Check-your-understanding questions

1. Why is provenance a non-negotiable part of a change-aware RAG system?
2. What is the difference between retrieval and context packing?
3. Why is temporal reasoning essential for questions about code changes?

Check-your-understanding answers

1. Without provenance, you cannot verify or debug retrieved evidence, and the agent cannot cite sources.
2. Retrieval finds candidate evidence; context packing selects and formats evidence so the agent can reason over it.
3. Change questions are time-sensitive; the meaning of a change depends on when it occurred and its sequence.

Real-world applications

• Post-incident analysis: “What change introduced this regression?”
• Release notes automation: “Summarize all API changes this sprint.”
• Code review assistance: “Has this pattern been changed elsewhere recently?”
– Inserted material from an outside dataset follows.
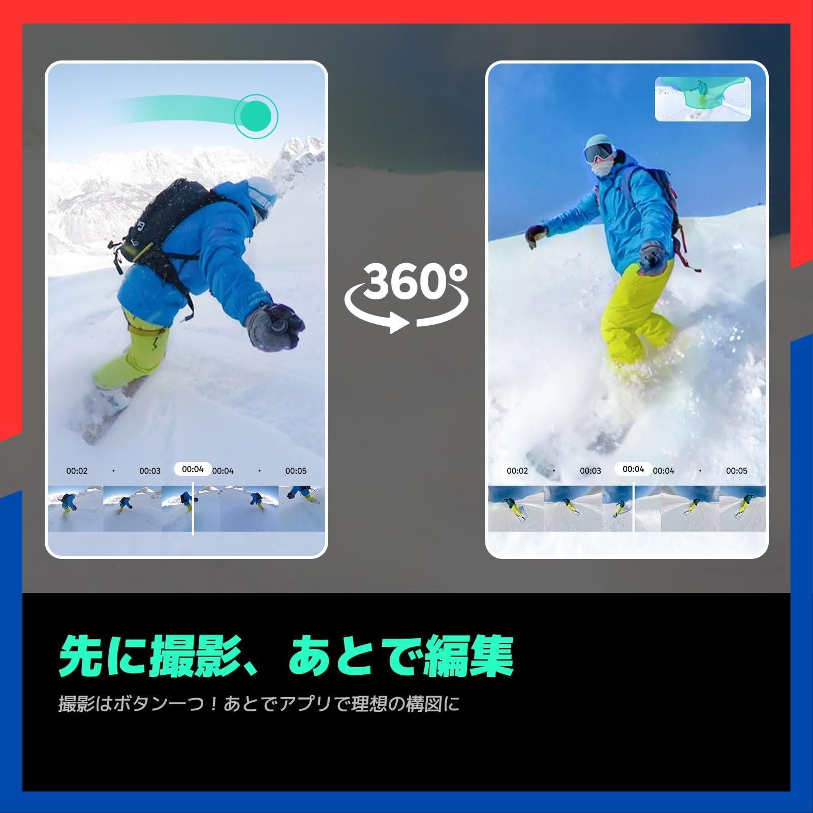 【より明るく、より精細に・72MP 360° 写真】当360度カメラは新型デュアル1/2インチセンサーを搭載して、細部までくっきりとした美しい映像を捉え、アクションを鮮やかに躍動させる。それに、DNG8 RAWフォトモードにより、暗い環境でも画質を向上させ、ダイナミックレンジと編集の自由度を高めます。7200万像素の超高精細写真、圧倒的な解像度で、どんな瞬間もくっきり鮮明に!

Where you will apply it (projects)

Projects 1-12, especially Projects 1, 4, 5, 7, and 12.

References

• “Retrieval-Augmented Generation for Knowledge-Intensive NLP Tasks” (Lewis et al.)
• “RAG Survey” (recent survey papers on RAG architectures)
• “Designing Data-Intensive Applications” by Martin Kleppmann - Ch. 1, 2
• “Fundamentals of Software Architecture” by Richards and Ford - Ch. 2, 5

Key insight

RAG is not just retrieval; it is a memory architecture that makes evidence and provenance first-class.

Summary

A change-aware RAG pipeline is a memory system for code agents. It captures change artifacts, indexes them, retrieves relevant evidence, and composes a context packet that the agent can trust. The quality of answers is bounded by the quality of retrieval and context packing.

Homework / exercises

1. Pick a real repository and list three questions that require change history, not just current code.
2. For one question, outline the evidence you would want (diffs, commit messages, issues).
3. Sketch a context packet layout that would help an agent answer that question.

Solutions

1. Examples: “Why was feature X removed?”, “When did we change retry logic?”, “Which commits touched rate limiting?”
2. Evidence: commit message, diff hunks, PR summary, related tests.
3. Packet layout: header, query summary, ranked chunks with provenance, rationale notes.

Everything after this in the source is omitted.